Church Road ‘Tom’ 2005
Aiming to create a monumental wine, Montana, our largest
winemaker created ‘Tom’ with the 1995 vintage, and released it with much
fanfare, in the revitalized Church
Road cellars in Hawke’s Bay. The wine was made with the technical input of
Domaines Cordier, who owned and managed several top-flight Bordeaux properties, such as Chateaux Meyney
in St Estephe, and Talbot and Gruaud-Larose in St Julien. The wine was a tribute to Tom McDonald,
pioneering Hawke’s Bay vigneron, who produced a series of wonderful Cabernet Sauvignon
wines in the 1960s, and under whom, Montana
head Peter Hubscher served his apprenticeship.

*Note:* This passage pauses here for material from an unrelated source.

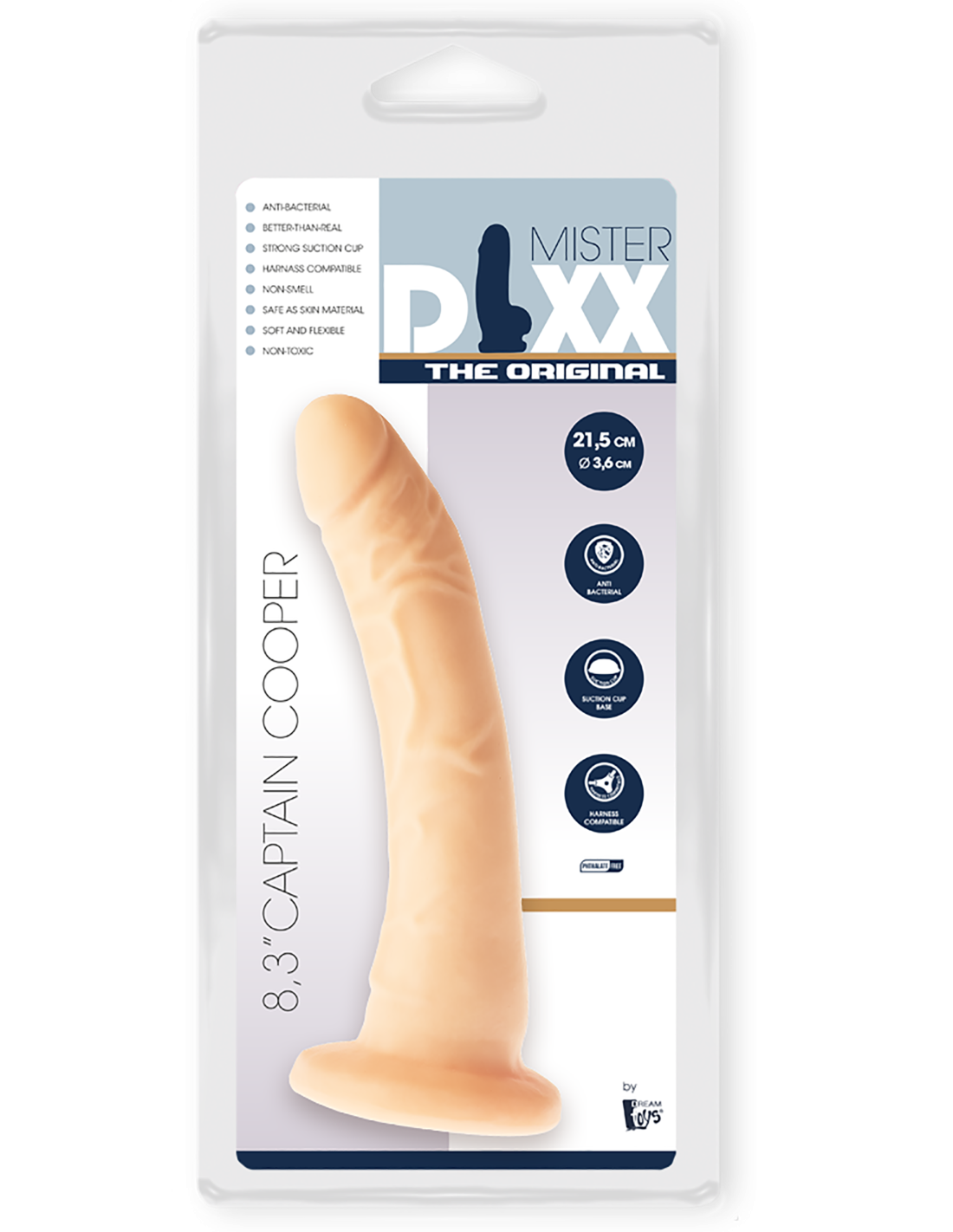 Captain Cooper de Mr Dixx - The Original collection es un consolador suave y flexible, hecho de PVC antibacteriano, inodoro y seguro para el cuerpo.

Alas, it was too good. The ‘Tom’
1995 was a classic cellaring wine that was highly extracted, firm and not easy
to drink on release. The wine took a decade
for its toughness to soften out. The
lessons learnt from that exercise resulted in a succession of ‘Tom’ wines that
progressively became slightly softer, finer and more accessible, with a
significant influence of greater proportions of Merlot in the blend. As Montana
morphed to Allied-Domecq and now to Pernod-Ricard, ‘Tom’ has come home to Church Road, and
the hands of winemaker Chris Scott.
The Church
Road ‘Tom’ 2005 is a stupendous wine in the
Bordeaux-style, and is truly the ultimate crowning glory in the already
astounding Church Road
Bordeaux-varietal range. The 2005 vintage is now recognized as one of
the greatest in Hawke’s Bay to date, and the best wines have the ability to age
two to three decades; the ‘Tom’ 2005 sits among the very best. Made from 67% Merlot and 33% Cabernet
Sauvignon from the Gimblett Gravels, the fruit was fermented in the Church Road
French oak cuves to 13.5% alc, the must given pump-over and hand-plunging for
extraction, the components aged 15 months in 85% new French barriques before
blending, after which the wine was returned to barrel for a further 6 months
maturation. Very dark, almost
impenetrable purple black-red in colour, this magically juxtaposes great
richness with stylish restraint. The
bouquet is packed with fully ripe dark plum and berry fruits along with floral
nuances, spices and cedar. On palate,
there is a freshness and vitality to the brooding nature, where the significant
extraction is so obvious. Such is the
proportion that elegance and cedary complexity is the certain end result of
bottle maturation for this wine. It may
take a decade to get there, but it will keep another two decades after that.